Your task: Every line below from the one with "Key click on" through the one with "Lyrics of Kam" should be retyped exactly, both ends included; no other lines and no pictures.

Material provided:
▶

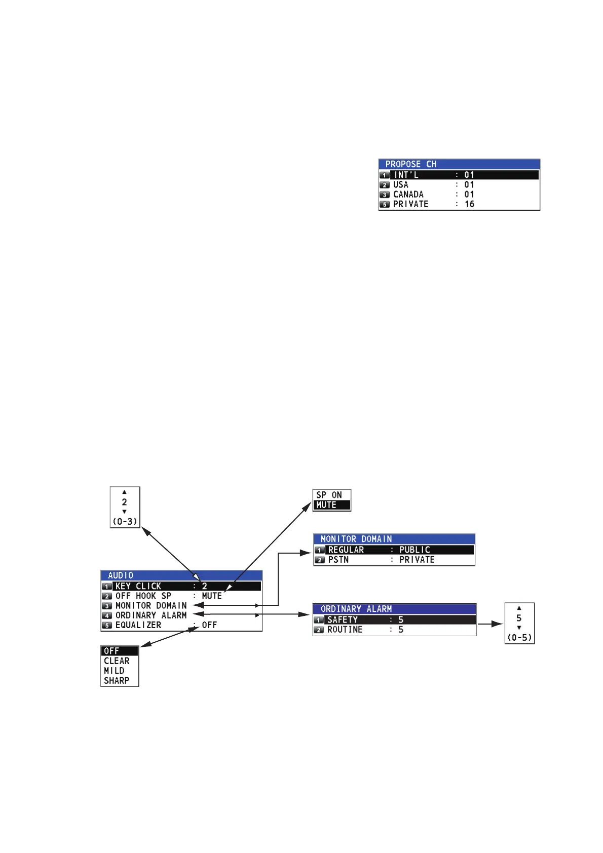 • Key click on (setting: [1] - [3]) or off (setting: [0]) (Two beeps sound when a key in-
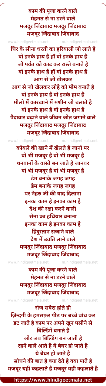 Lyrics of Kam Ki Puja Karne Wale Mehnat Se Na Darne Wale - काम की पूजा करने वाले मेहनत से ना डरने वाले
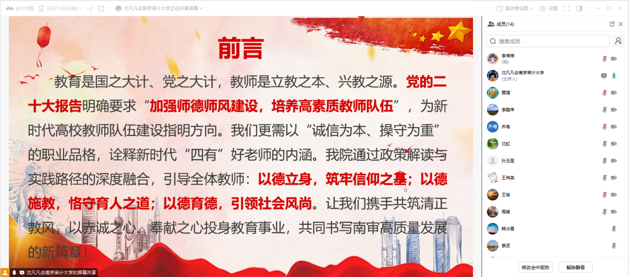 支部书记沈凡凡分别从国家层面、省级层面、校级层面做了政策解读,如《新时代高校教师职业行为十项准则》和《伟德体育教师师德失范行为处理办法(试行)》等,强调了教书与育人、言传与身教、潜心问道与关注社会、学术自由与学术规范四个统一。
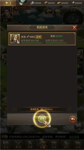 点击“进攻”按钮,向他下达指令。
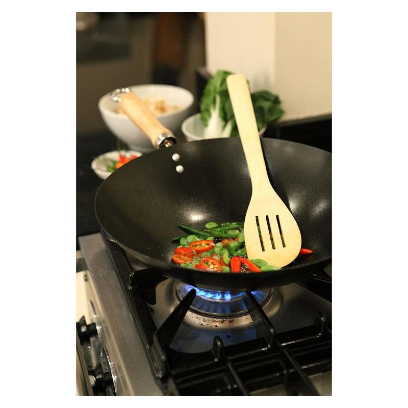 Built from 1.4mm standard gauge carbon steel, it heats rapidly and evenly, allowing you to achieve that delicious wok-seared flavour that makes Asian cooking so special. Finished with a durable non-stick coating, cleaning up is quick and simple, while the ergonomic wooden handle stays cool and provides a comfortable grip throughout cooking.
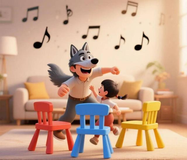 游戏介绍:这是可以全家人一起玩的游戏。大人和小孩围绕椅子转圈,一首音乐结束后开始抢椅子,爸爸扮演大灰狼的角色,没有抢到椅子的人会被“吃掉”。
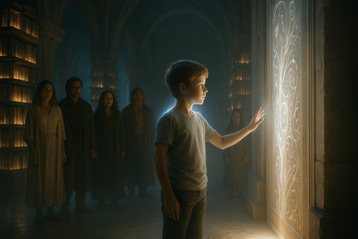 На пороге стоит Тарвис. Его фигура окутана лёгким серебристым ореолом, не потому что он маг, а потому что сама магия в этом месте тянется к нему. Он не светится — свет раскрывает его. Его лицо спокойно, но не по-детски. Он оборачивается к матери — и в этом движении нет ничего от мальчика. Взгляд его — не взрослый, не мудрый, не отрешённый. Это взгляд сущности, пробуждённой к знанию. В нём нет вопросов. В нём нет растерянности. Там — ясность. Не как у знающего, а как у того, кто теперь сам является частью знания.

◀
▶

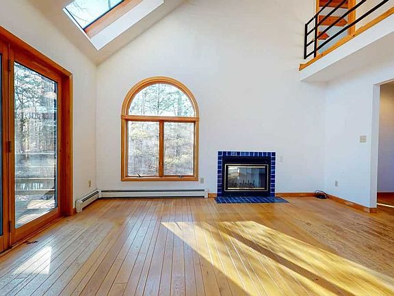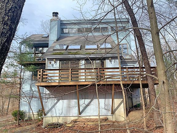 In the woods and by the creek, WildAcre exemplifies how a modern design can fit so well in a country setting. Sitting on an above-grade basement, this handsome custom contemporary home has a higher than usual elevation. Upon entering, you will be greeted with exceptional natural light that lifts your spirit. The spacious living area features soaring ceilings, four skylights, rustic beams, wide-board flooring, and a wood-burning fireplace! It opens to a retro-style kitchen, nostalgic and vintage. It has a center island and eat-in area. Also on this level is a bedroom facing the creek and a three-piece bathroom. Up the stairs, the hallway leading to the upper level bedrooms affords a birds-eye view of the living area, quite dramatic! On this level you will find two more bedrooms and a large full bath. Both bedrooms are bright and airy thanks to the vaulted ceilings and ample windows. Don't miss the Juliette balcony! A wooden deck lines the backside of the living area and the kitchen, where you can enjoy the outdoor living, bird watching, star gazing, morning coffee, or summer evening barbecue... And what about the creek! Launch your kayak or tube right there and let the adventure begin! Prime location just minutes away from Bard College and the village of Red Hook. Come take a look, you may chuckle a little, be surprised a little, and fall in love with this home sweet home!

◀

Solution for this exercise:
 • Key click on (setting: [1] - [3]) or off (setting: [0]) (Two beeps sound when a key in-
 Lyrics of Kam Ki Puja Karne Wale Mehnat Se Na Darne Wale - काम की पूजा करने वाले मेहनत से ना डरने वाले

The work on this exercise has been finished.